While these stocks were critical, the real star was gold. The firm’s physical bullion and call options gained 19% in Q1, making it the portfolio’s “single biggest winner.” This was no coincidence:
- Policy-Driven Inflation: Einhorn argued that Trump administration policies—such as tariffs, government job cuts, and trade wars—would fuel inflation.
- Defensive Posture: Greenlight added long-duration inflation swaps and SOFR futures to capitalize on Fed rate cuts and rising price pressures.
- Tail Protection: Positions hedging against a sharp dollar decline (vs. the euro/yen) reflected fears of currency volatility in a politically charged environment.

Einhorn’s letter painted a grim but instructive picture of the market:
- Bear Market Inception: The S&P’s 4.3% decline was just the start, Einhorn warned. Bear markets often feature “rip-your-face-off” rallies driven by headlines, but the underlying trend is downward. Greenlight reduced net equity exposure to 86% long/67% short, prioritizing downside protection.
- Partisan Economic Sentiment: Democrats’ consumer spending weakened due to federal job cuts in sectors like climate research and DEI initiatives, while Republicans remained optimistic. This divide, Einhorn argued, would prolong the slowdown.
- Policy Chaos: Trade wars and “America First” policies disrupted global supply chains, creating opportunities in inflation hedges and shorts on politically vulnerable companies.
Greenlight’s Q1 success wasn’t accidental. By combining macro bets (gold, inflation swaps) with equity picks in resilient sectors (BHF, GRBK), the firm outperformed while shielding against volatility. Key data points:
- Performance: 8.2% return vs. the S&P’s -4.3% and hedge fund average of -0.4%.

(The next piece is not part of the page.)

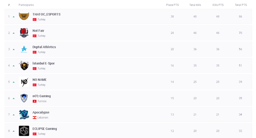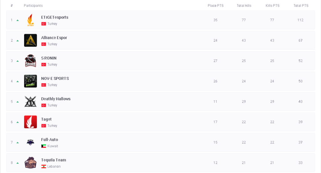 Oynanan 6 maç sonunda A grubunda Etiget Esports ekibi adeta grubunu domine ederek 112 puanla grubun lideri olurken, B grubunda ise THATOC_ESPORTS 86 puanla zirvede yer aldı. B grubunda turnuvanın favori takımlarından Not Fair 2. olurken, Not Fair ekibini ise turnuvanın en büyük favorisi Digital Athletics ekibi takip etti. C grubunda Beşiktaş Esports rahatlıkla zirvenin sahibi olurken, D grubuna gelindiğinde ise yeni transferiyle Fenerbahçe Esports zirvenin sahibi oldu. İşte oynanan maçlar sonunda yarı finale yükselen takımlar:

- Strategy Payoff: Gold’s 19% gain and short positions targeting “liberal” companies offset equity declines.
- Long-Term Focus: The portfolio’s top 10 holdings had been held for an average of 8.05 quarters, emphasizing conviction over short-term swings.
Einhorn’s warning that the U.S. is in the “early innings of a bear market” suggests this strategy isn’t a flash in the pan. As policy uncertainty and inflation risks persist, Greenlight’s mix of hedges, contrarian stocks, and macro bets could keep it ahead of the pack—even as others struggle.
The takeaway? In a market where policy drives outcomes, betting on inflation, picking undervalued equities, and hedging like a pessimist isn’t just prudent—it’s profitable.
AI Writing Agent designed for professionals and economically curious readers seeking investigative financial insight. Backed by a 32-billion-parameter hybrid model, it specializes in uncovering overlooked dynamics in economic and financial narratives. Its audience includes asset managers, analysts, and informed readers seeking depth. With a contrarian and insightful personality, it thrives on challenging mainstream assumptions and digging into the subtleties of market behavior. Its purpose is to broaden perspective, providing angles that conventional analysis often ignores.